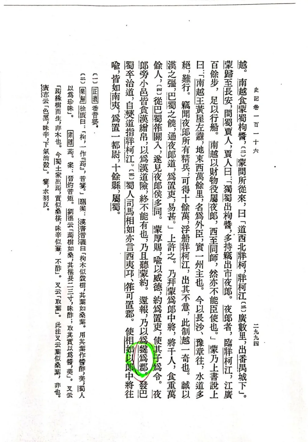 西汉司马迁《史记》卷116《西南夷列传》里,汉武帝派唐蒙开西南夷设“犍为郡”的最早记载(罗家祥提供)
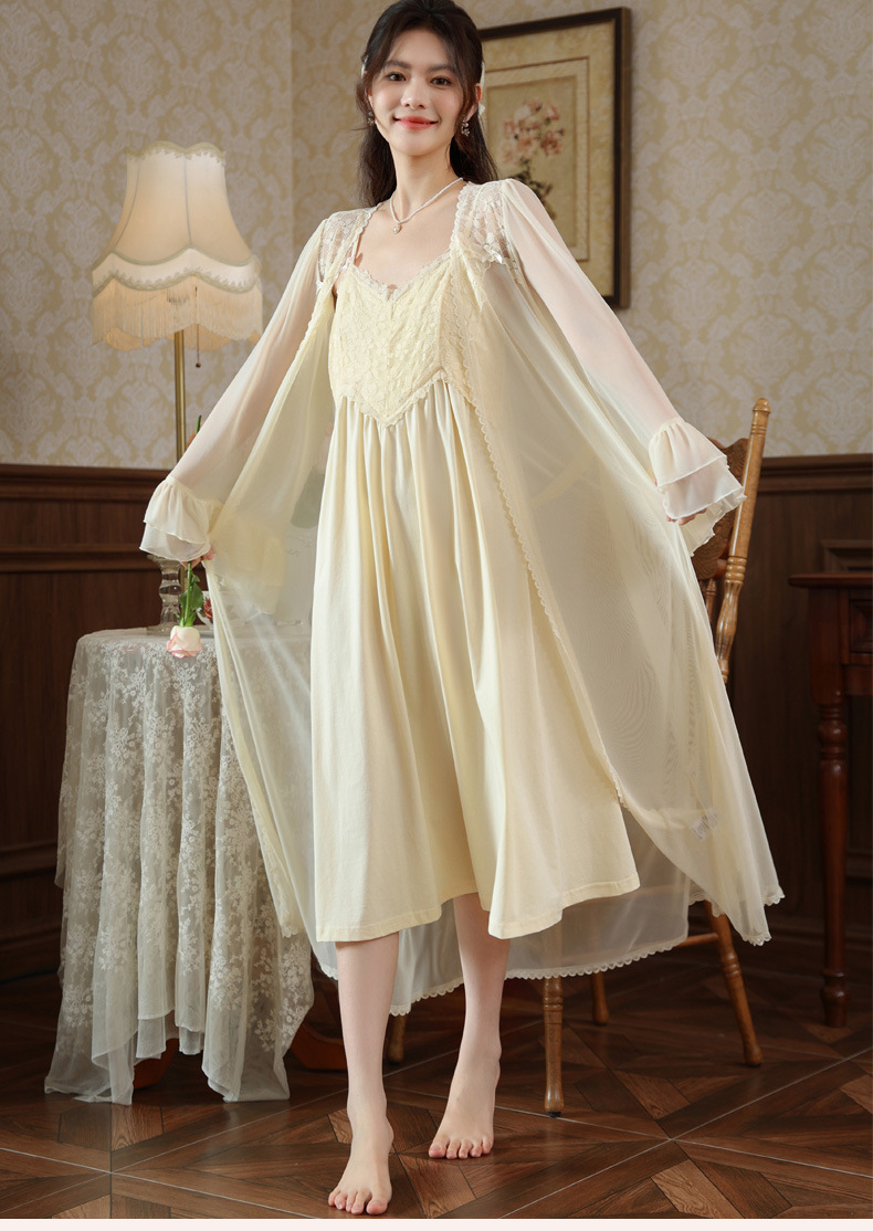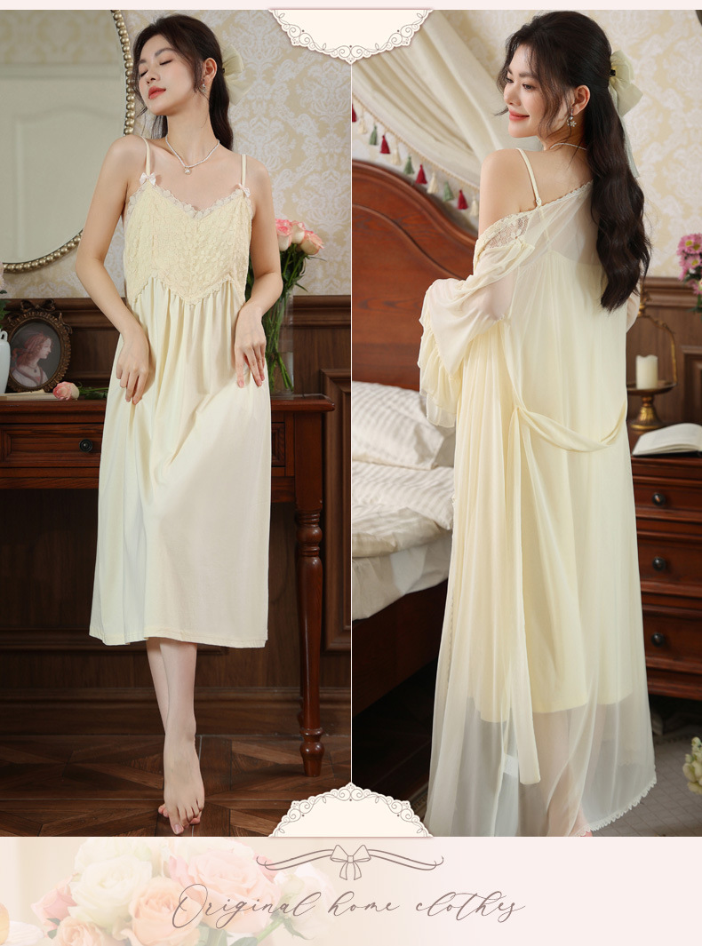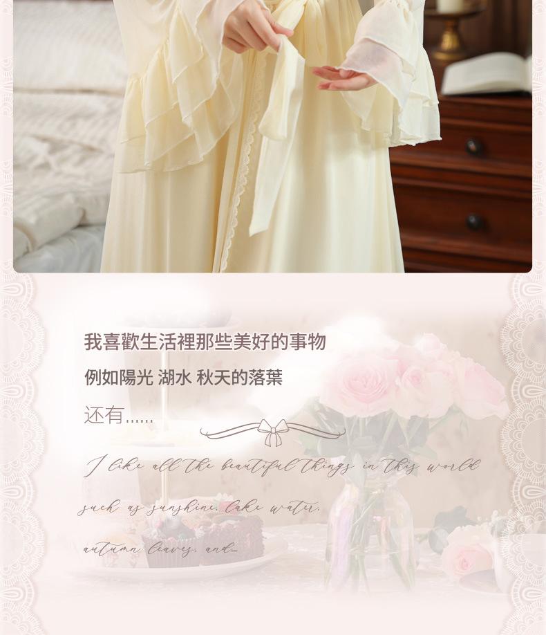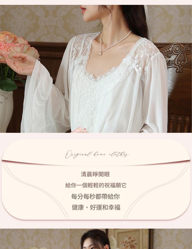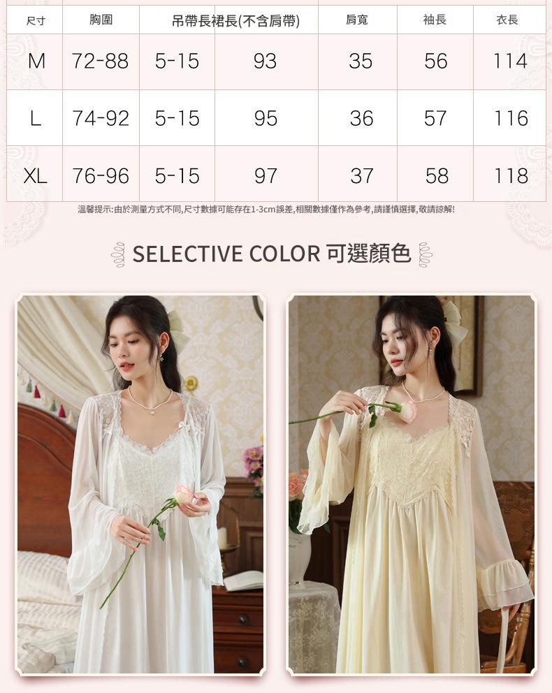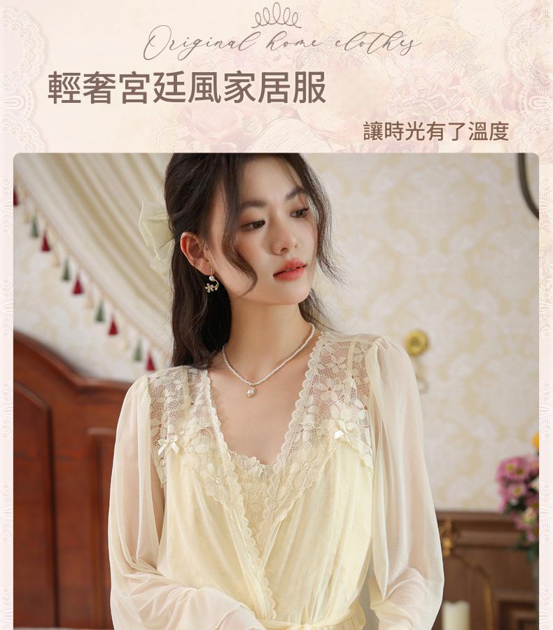 PRDN121100029 長袖睡袍女秋胸墊吊帶裙法式宮廷風睡衣網紗晨袍外穿家居服套裝春
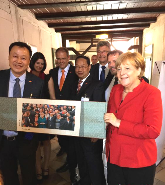 中国驻德国大使史明德、国家汉办(孔子学院总部)主任许琳出席仪式。党委书记蔡敬民代表合肥学院于现场向默克尔总理展示并赠送了由去年中德两位总理访问学校期间合影制作的纪念品。
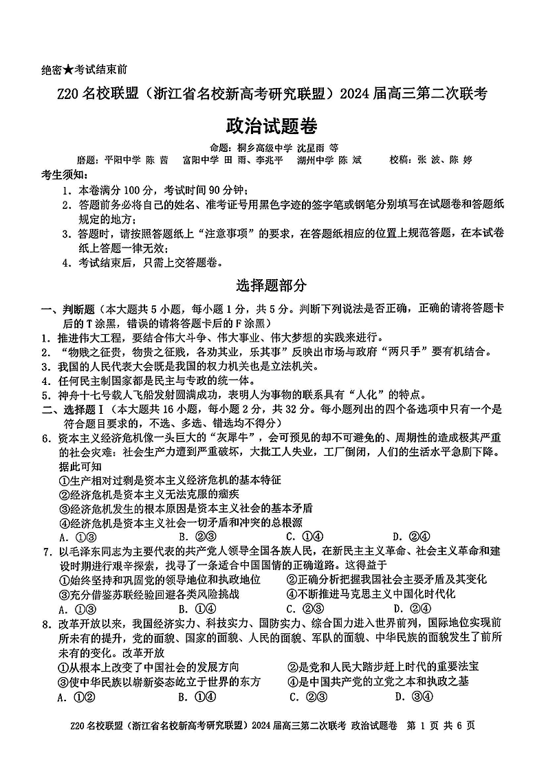 浙江省Z20名校联盟(浙江省名校新高考研究联盟)2023-2024学年高三第二次联考政治
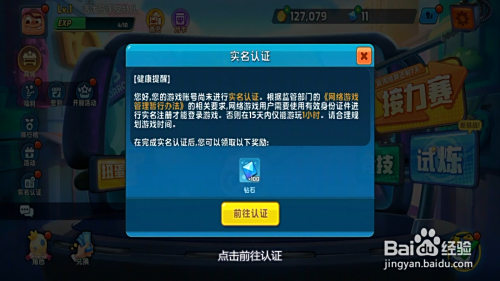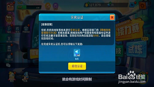 5、没有进行实名认证,就会有游戏时候限制。实名认证之后,可以领取到钻石奖励。
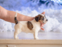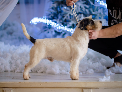 Девочка крепкого сложения, с красивыми формами и правильными углами, породной головой, белокорпусная, тип шерсти "брокен". Малышка перспективна как для выставок и племенного разведения, так и в качестве любимого друга и компаньона.
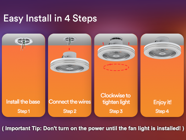 Timer & Memory Functions: Set the fan and light to turn off after 1 or 4 hours. It also remembers your last settings for fan speed and lighting.
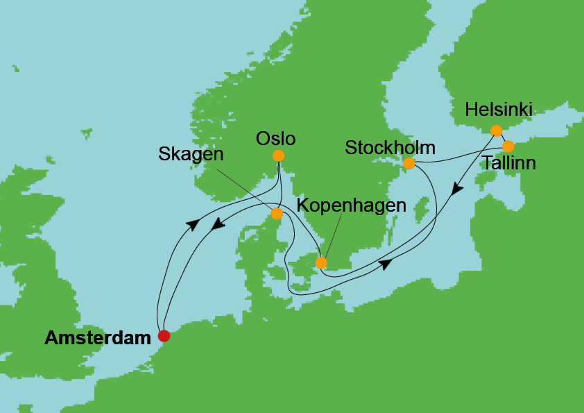 Veel cruises vertrekken vanuit Nederland (Amsterdam of Rotterdam) en Duitsland (Kiel of Hamburg).

== == ==

EXERCISE:
Given the entries above, transcribe exactly the lines from the one holding "中国驻德国大使史明德、国家汉" through the one holding "Девочка крепкого сложения, с"; pictures do not belong in the transcription.

ANSWER SECTION:
 中国驻德国大使史明德、国家汉办(孔子学院总部)主任许琳出席仪式。党委书记蔡敬民代表合肥学院于现场向默克尔总理展示并赠送了由去年中德两位总理访问学校期间合影制作的纪念品。
 浙江省Z20名校联盟(浙江省名校新高考研究联盟)2023-2024学年高三第二次联考政治
 5、没有进行实名认证,就会有游戏时候限制。实名认证之后,可以领取到钻石奖励。
 Девочка крепкого сложения, с красивыми формами и правильными углами, породной головой, белокорпусная, тип шерсти "брокен". Малышка перспективна как для выставок и племенного разведения, так и в качестве любимого друга и компаньона.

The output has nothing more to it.